Saved entries:
........

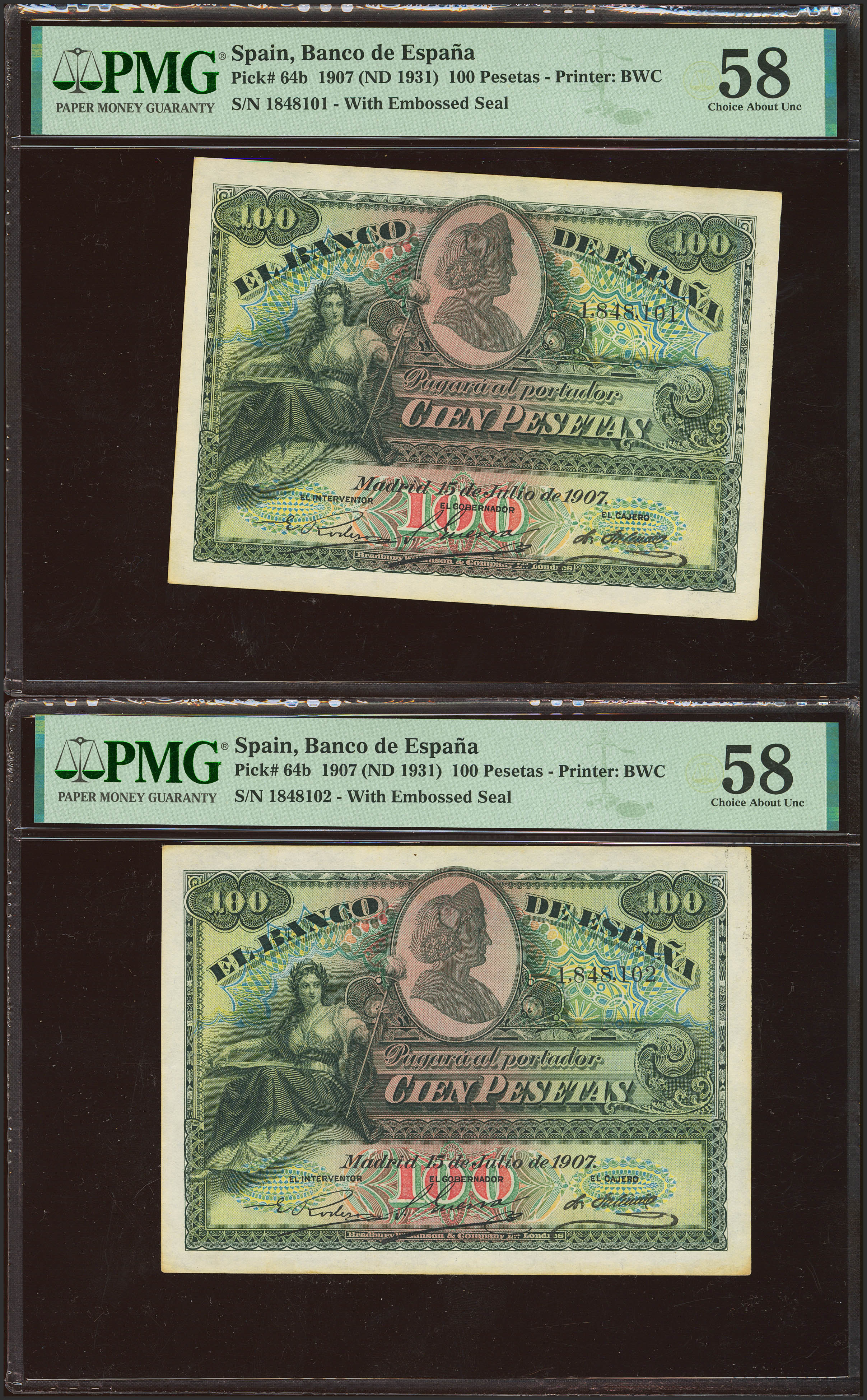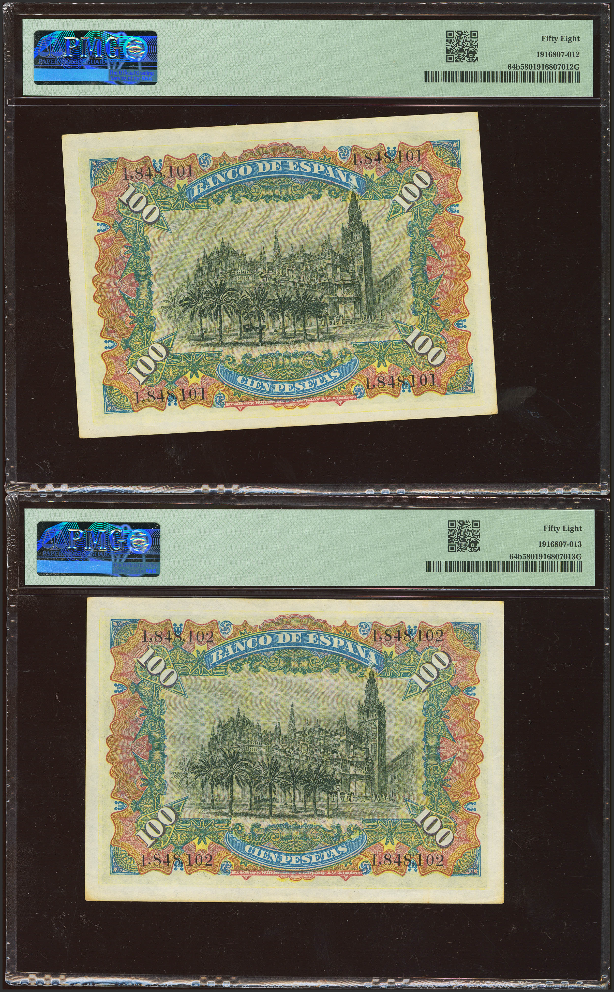 100 Pesetas. 15 de Julio de 1907. Pareja correlativa. Sin serie. (Edifil 2023: 320, Pick: 64a). Inusual en esta calidad. EBC++. Encapsulado PMG58, ambos.
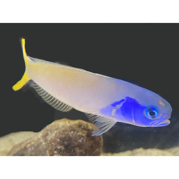 The Bluejaw Tile Goby has an elongated, white and yellow body with a very striking blue head. The body, fins and eyes also have a slight blue tint that further adds to the appeal of this species. It is a peaceful fish that will make a beautiful addition to any community aquarium. They can reach up to 6 inches and will require an aquarium of at least 75 gallons with at least 3 inches of substrate. A tight fitted lid is recommended as they tend to jump. Their diet consists of mysis, brines, and other meaty foods. They may also take high quality flake and pellet food.
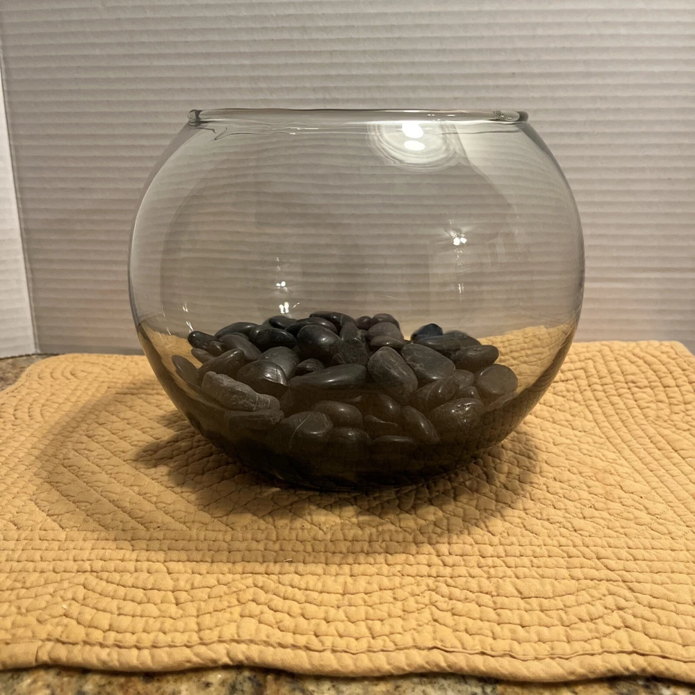 Comes as Pictured- Black Rocks NOT included Excellent condition-measurements in pictures “24.5 inch circumference Thick Clear Glass Any Questions Message Me
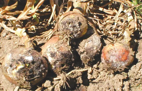 En las cebollas, chalotas y ajo, el principal problema es el bulbo, que también empieza a pudrirse. El crecimiento de hongos blancos y esponjosos aparece alrededor de la base del bulbo y más tarde éste se cubre de pequeñas estructuras de hongos redondos y negros.
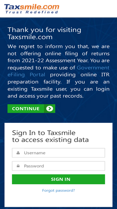 94%taxsmile is an efiling portal to prepare and efile income tax return online. taxsmile helps individuals to file their income tax return in an easy, convenient and secure way.

........

__Work to complete__.
Every record above should be written out again exactly; the pictures stay out of the copy.

__Task solution__.
 100 Pesetas. 15 de Julio de 1907. Pareja correlativa. Sin serie. (Edifil 2023: 320, Pick: 64a). Inusual en esta calidad. EBC++. Encapsulado PMG58, ambos.
 The Bluejaw Tile Goby has an elongated, white and yellow body with a very striking blue head. The body, fins and eyes also have a slight blue tint that further adds to the appeal of this species. It is a peaceful fish that will make a beautiful addition to any community aquarium. They can reach up to 6 inches and will require an aquarium of at least 75 gallons with at least 3 inches of substrate. A tight fitted lid is recommended as they tend to jump. Their diet consists of mysis, brines, and other meaty foods. They may also take high quality flake and pellet food.
 Comes as Pictured- Black Rocks NOT included Excellent condition-measurements in pictures “24.5 inch circumference Thick Clear Glass Any Questions Message Me
 En las cebollas, chalotas y ajo, el principal problema es el bulbo, que también empieza a pudrirse. El crecimiento de hongos blancos y esponjosos aparece alrededor de la base del bulbo y más tarde éste se cubre de pequeñas estructuras de hongos redondos y negros.
 94%taxsmile is an efiling portal to prepare and efile income tax return online. taxsmile helps individuals to file their income tax return in an easy, convenient and secure way.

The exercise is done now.